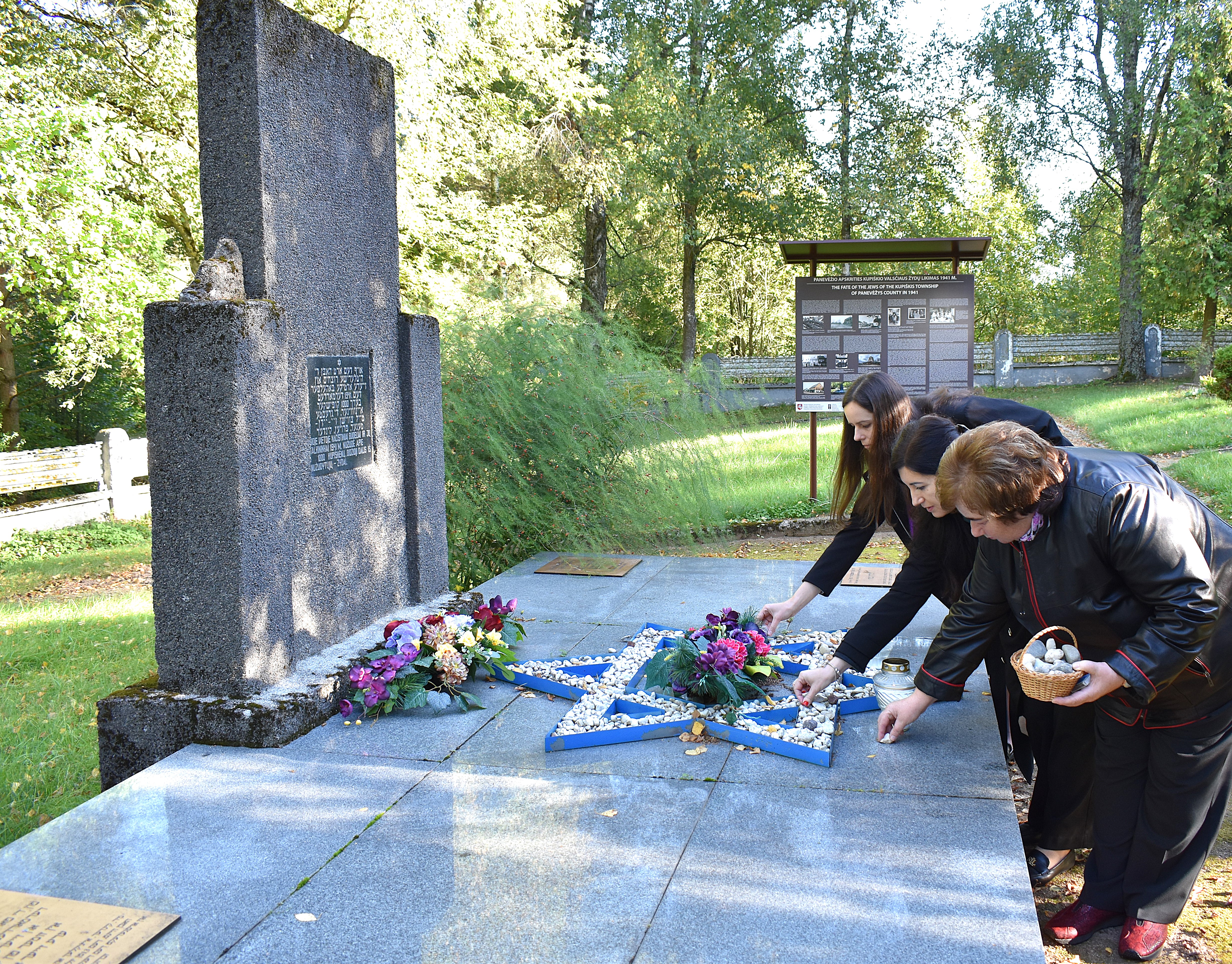 Pagerbiant Holokausto aukų atminimą, prie paminklo Kupiškio laisvamanių kapinėse dedami akmenukai. Iš dešinės: Kupiškio muziejaus muziejininkė Aušra Jonušytė, Kupiškio rajono savivaldybės mero patarėja Auksė Čepelė ir Kupiškio muziejaus muziejininkė Miglė Zakarauskaitė.
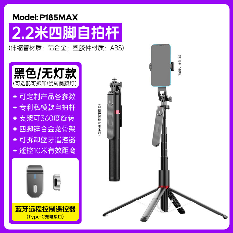 定制P185MAX铝合金自拍杆2.2米防抖可伸缩手机拍照支架专利自拍杆定制P185MAX铝合金自拍杆2.2米防抖可伸缩手机拍照支架专利自拍杆定制
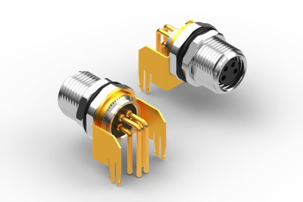 Connector, M8 A-code socket, 4 pin, 8xL20.6 mm, panel mount, thru hole, 90°, board lock, gold plated, IP67
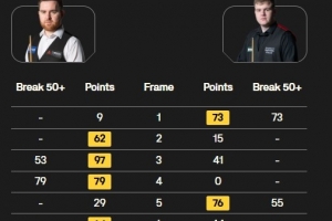 全场比赛杰克-琼斯打出两杆50+(53、79),亚伦-希尔打出两杆50+(73、55),亚伦-希尔先下一城,杰克-琼斯连胜三局3-1领先进入中场休息,中场休息过后亚伦-希尔扳回一局,随后杰克-琼斯连下两城锁定胜局。
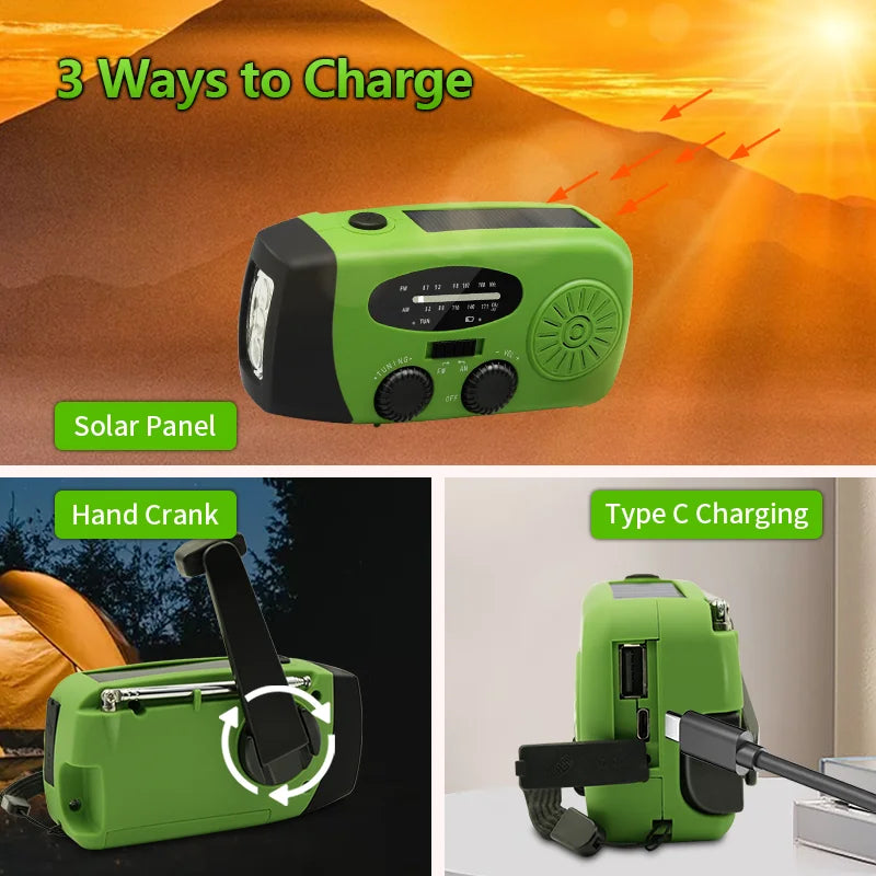*3 Rechargeable Ways: Micro USB charging, Solar charging, Manual hand crank to wind up the internal battery.

○ ○ ○ ○

> Work item: Can you restate all the records above word for word while dropping the pictures?

> Expected answer:
 Pagerbiant Holokausto aukų atminimą, prie paminklo Kupiškio laisvamanių kapinėse dedami akmenukai. Iš dešinės: Kupiškio muziejaus muziejininkė Aušra Jonušytė, Kupiškio rajono savivaldybės mero patarėja Auksė Čepelė ir Kupiškio muziejaus muziejininkė Miglė Zakarauskaitė.
 定制P185MAX铝合金自拍杆2.2米防抖可伸缩手机拍照支架专利自拍杆定制P185MAX铝合金自拍杆2.2米防抖可伸缩手机拍照支架专利自拍杆定制
 Connector, M8 A-code socket, 4 pin, 8xL20.6 mm, panel mount, thru hole, 90°, board lock, gold plated, IP67
 全场比赛杰克-琼斯打出两杆50+(53、79),亚伦-希尔打出两杆50+(73、55),亚伦-希尔先下一城,杰克-琼斯连胜三局3-1领先进入中场休息,中场休息过后亚伦-希尔扳回一局,随后杰克-琼斯连下两城锁定胜局。
*3 Rechargeable Ways: Micro USB charging, Solar charging, Manual hand crank to wind up the internal battery.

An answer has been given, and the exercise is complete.